As a custom LogHandler
, we might consider recording the wall clock
and CPU time used by our request. For this, we need to start and stop
a stopwatch. We'll start it with:
sub TimeIt::Init::handler { shift->pnotes('times', [time, times]); return DECLINED; }
This init handler (as early as possible in the cycle) saves the
wall-clock time and the four values from times
(user and system
CPU time, child user and child system CPU time) into a pnote for later
retrieval.
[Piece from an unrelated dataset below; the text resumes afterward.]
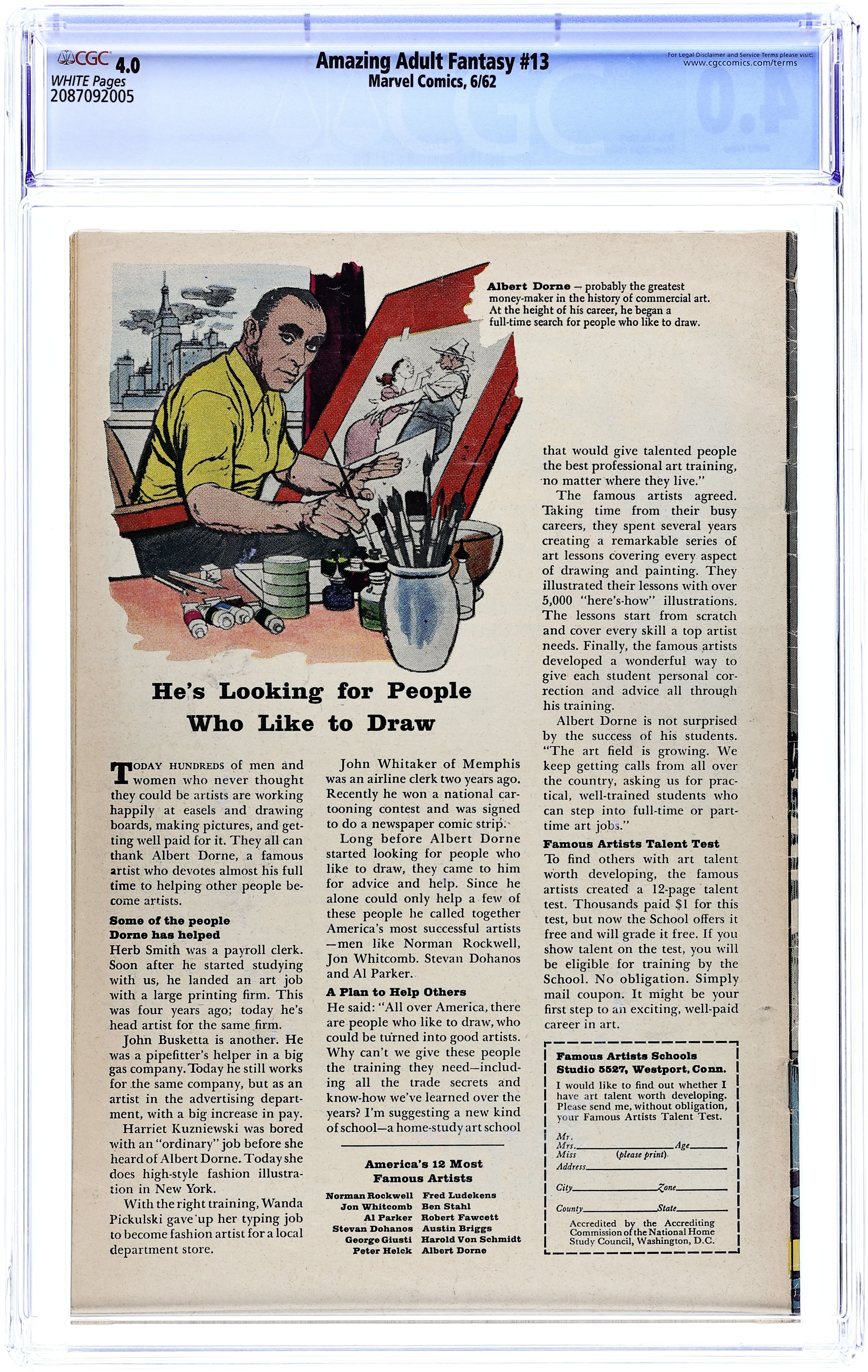 Cover pencils by Jack Kirby, inks by Sol Brodsky. 2nd appearance of Dr. Droom (1st Marvel Age Super-Hero) in The World Below!, script by Stan Lee, pencils by Jack Kirby, inks by Dick Ayers; Dr. Droom defeats an attempt by Atlantis to conquer the surface world. I Led the Strange Search for Manoo!, script by Larry Lieber, pencils by Jack Kirby, inks by Dick Ayers; A college student aids an alien policeman hunt down an alien criminal hiding on earth, or is it the other way around? The Comic text story. Rocky's Last Ride, script by Stan Lee, art by Steve Ditko; Chisler Rocky gets a deal thats too good to be true, when a customer just "gives" him his car. 36 pgs. $0.10. Cover price $0.10.
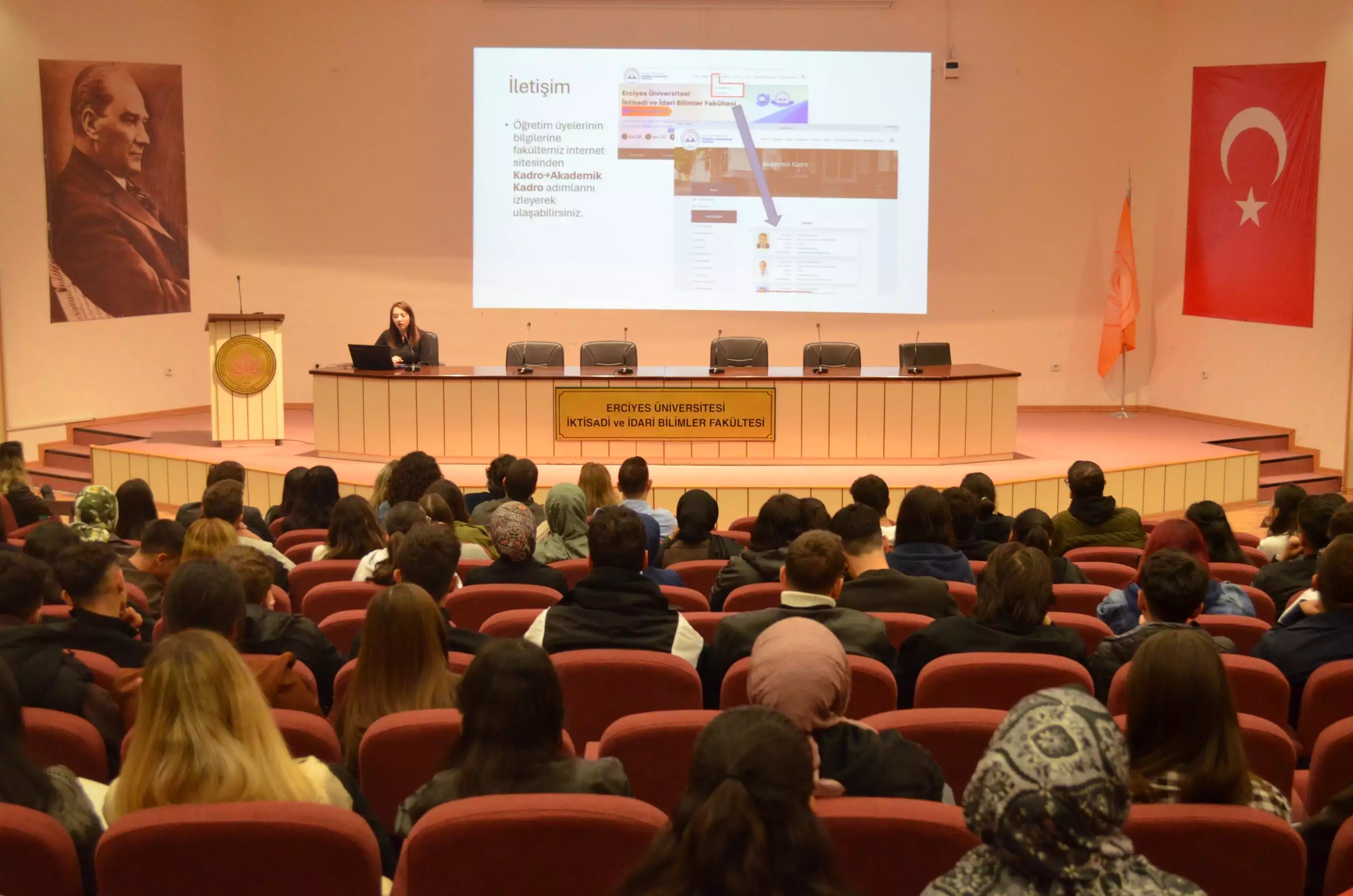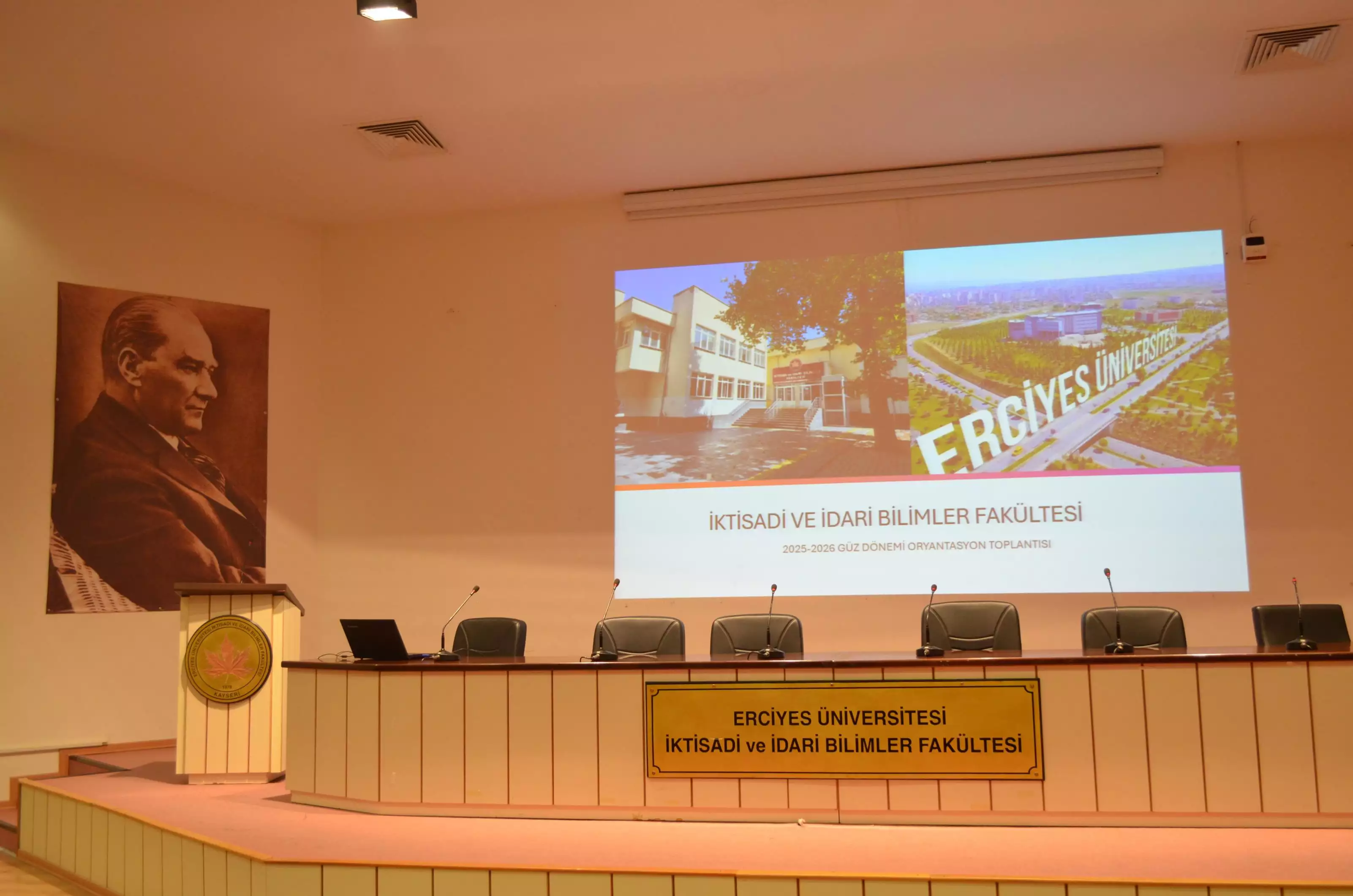 Erciyes Üniversitesi İİBF 2025-2026 Öğretim Yılı Oryantasyon Toplantısı 10 Ekim 2025 Cuma günü Saat 11.00'de ERÜ İİBF Konferans Salonu'nda Dekan Yardımcılarımız Prof. Dr. Oğuzhan TÜKER, Doç. Dr. Melike DEDEOĞLU, fakültemiz öğretim üyeleri ve öğrencilerimizin katılımı ile yapılmıştır.

At the end of the request, we get the values, compute the
delta, and log the difference:
sub TimeIt::Log::handler { my $r = shift; my @times = @{$r->pnotes('times')}; @times = map { $_ - shift @times } time, times; $r->warn($r->uri, ": real/cpu times: @times"); return DECLINED; }
We'd enable this with:
PerlInitHandler TimeIt::Init PerlLogHandler TimeIt::Log
(See also Apache::TimeIt
in the CPAN, which does this in a more
manageable fashion.)
If you're writing Apache handlers such as the ones above, you can
test them with Apache::FakeRequest
, which can fake up the various
fields of the request object:
use Apache::FakeRequest; use My::Module; my $request = Apache::FakeRequest->new('get_remote_host'=> 'foobar.com'); My::Module::handler($request);
Finally, if Apache and mod_perl
is compiled correctly, you can even
use Perl code directly in your web pages via Server-Side Includes:
<!--#include perl="perl code here" -->
I've never done this in a real website, but you might find that this helps you in a pinch.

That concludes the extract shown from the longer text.